**Work to be completed**:
The required answer is the data below, restated word for word with images omitted.

**The data**:
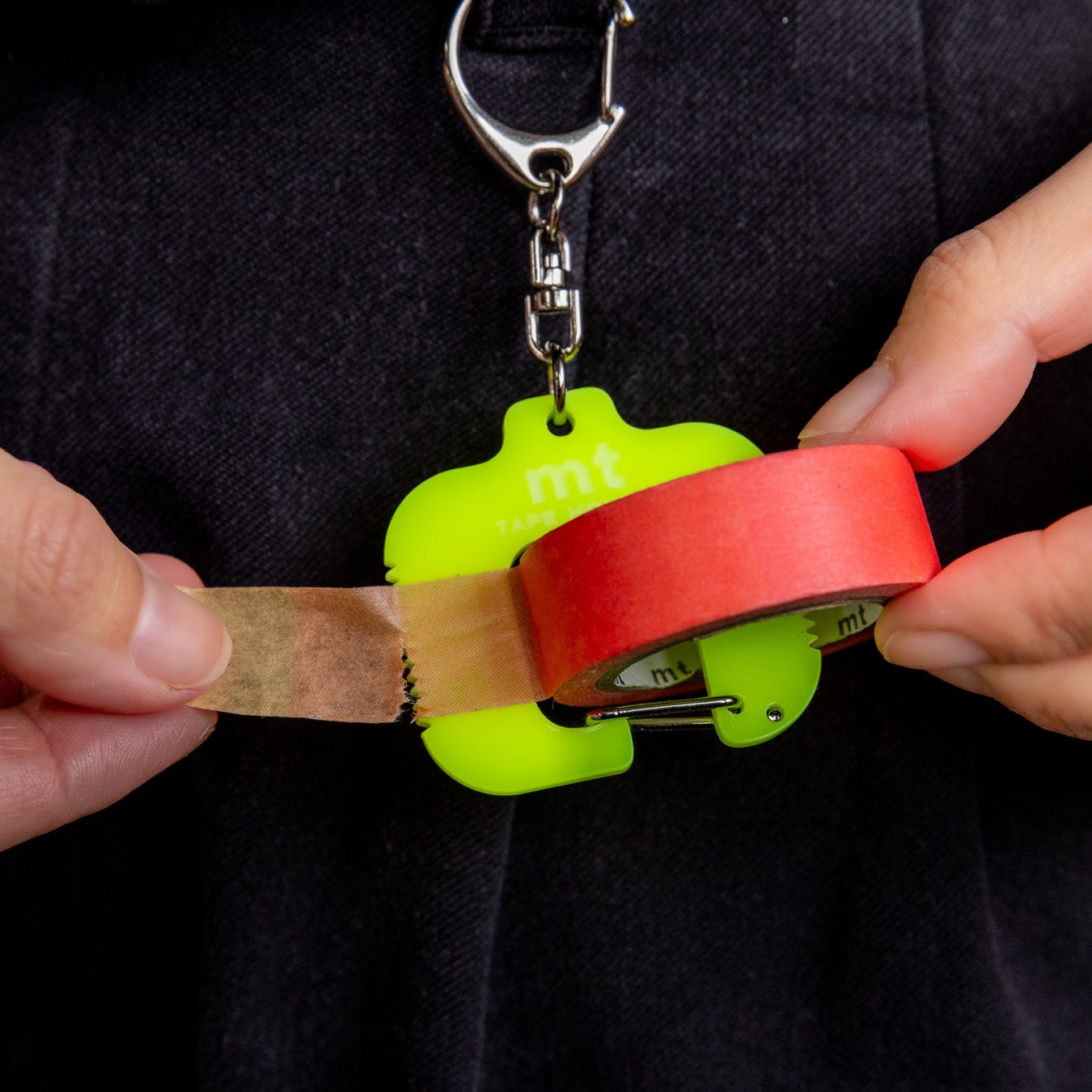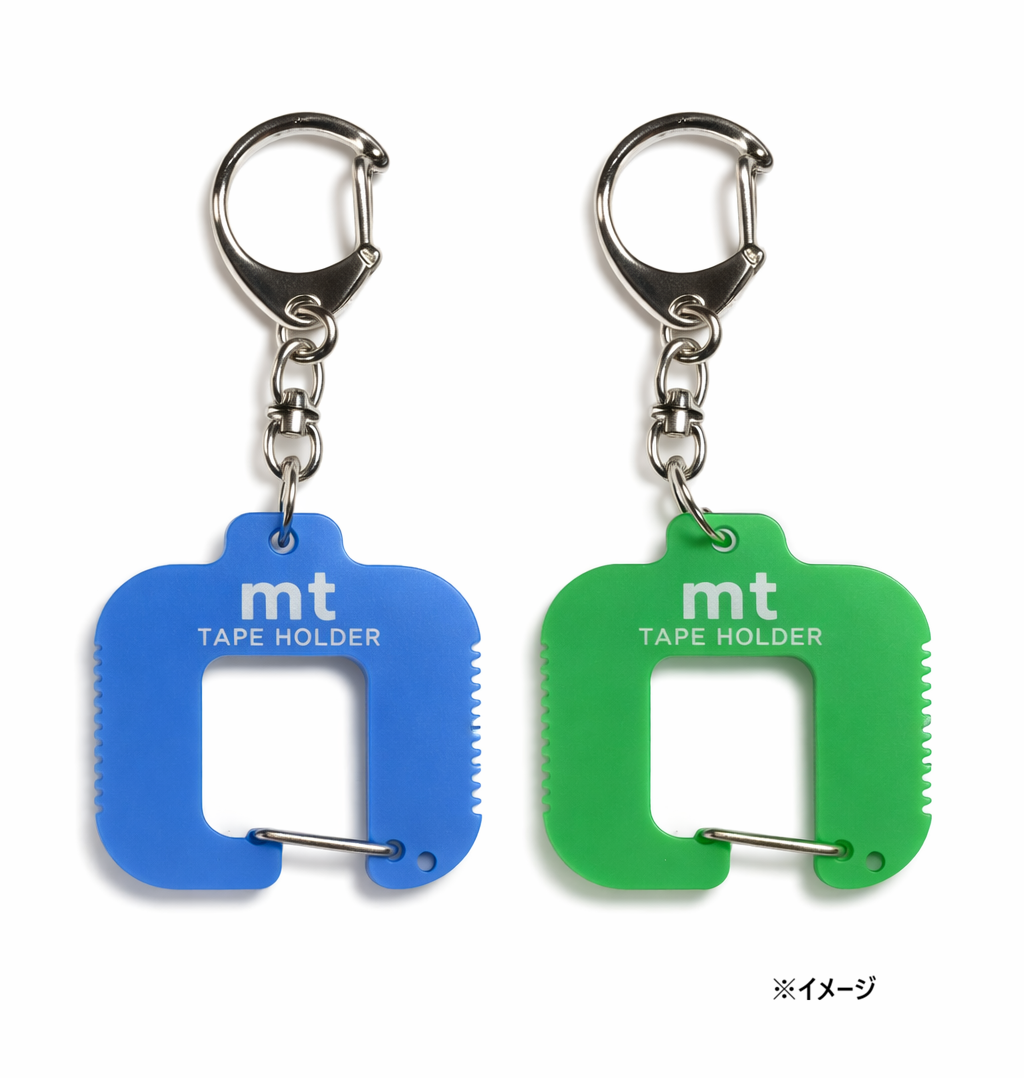 2026年3月に開催したmt KIOSK 2026で限定販売し、SNSなどで大きな反響をいただいた「mt tape holder」に、新色2種が登場しました。お気に入りのマスキングテープを鞄や筆箱などに付けて、アクセサリー感覚で持ち歩くことのできるmt tape holder。本体のギザギザ部分はテープカッターとして使え、外出先などでも便利にマスキングテープをお使いいただけるアイテムです。
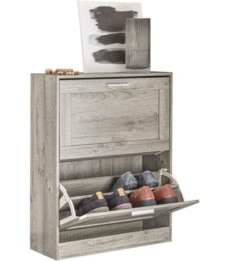 SoBuy FSR137-HG Meuble à Chaussures Armoire à Chaussures Commode à Chaussures Meuble d'entrée, Meuble de Rangement à Chaussures avec 2 Abattants pour
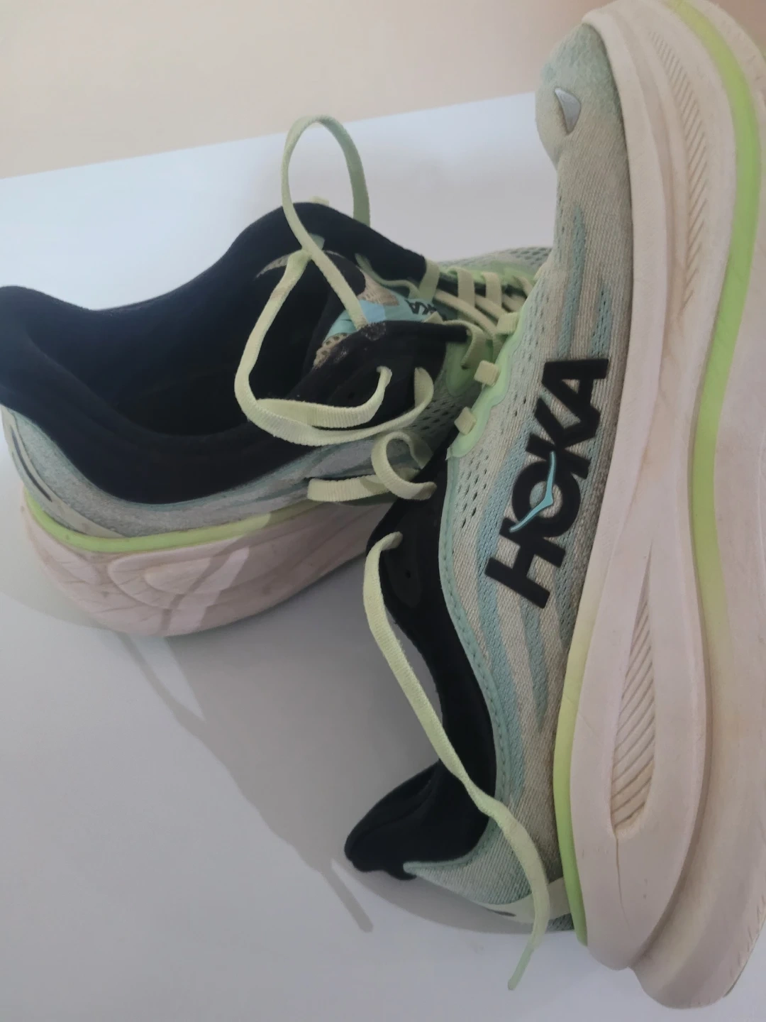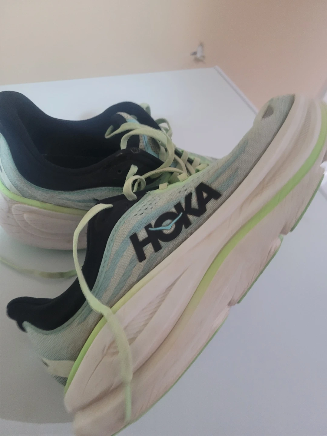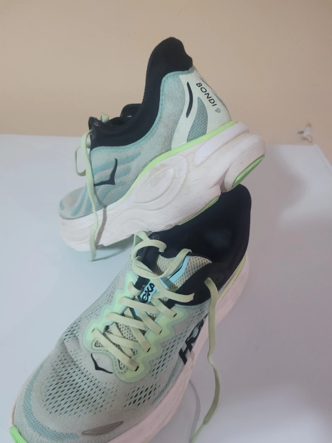 Selling a pair of Hoka Bondi 9 running shoes in women's US size 9.5! These shoes are known for their maximal cushioning and support, making them great for long runs or everyday wear. They're in good condition and ready for a new owner!
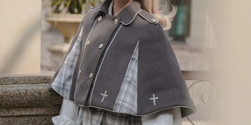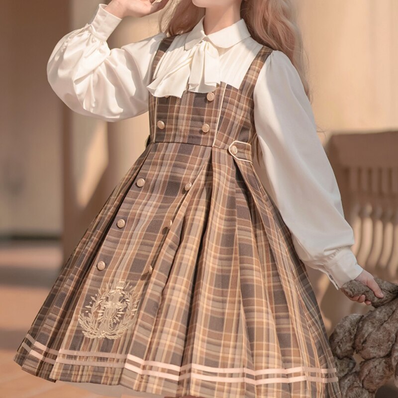 ロリータ ワンピース 長袖 探偵風 jk制服 マント 復古cla系 チェックワンピース 重ね着

**Exercise answer**:
 2026年3月に開催したmt KIOSK 2026で限定販売し、SNSなどで大きな反響をいただいた「mt tape holder」に、新色2種が登場しました。お気に入りのマスキングテープを鞄や筆箱などに付けて、アクセサリー感覚で持ち歩くことのできるmt tape holder。本体のギザギザ部分はテープカッターとして使え、外出先などでも便利にマスキングテープをお使いいただけるアイテムです。
 SoBuy FSR137-HG Meuble à Chaussures Armoire à Chaussures Commode à Chaussures Meuble d'entrée, Meuble de Rangement à Chaussures avec 2 Abattants pour
 Selling a pair of Hoka Bondi 9 running shoes in women's US size 9.5! These shoes are known for their maximal cushioning and support, making them great for long runs or everyday wear. They're in good condition and ready for a new owner!
 ロリータ ワンピース 長袖 探偵風 jk制服 マント 復古cla系 チェックワンピース 重ね着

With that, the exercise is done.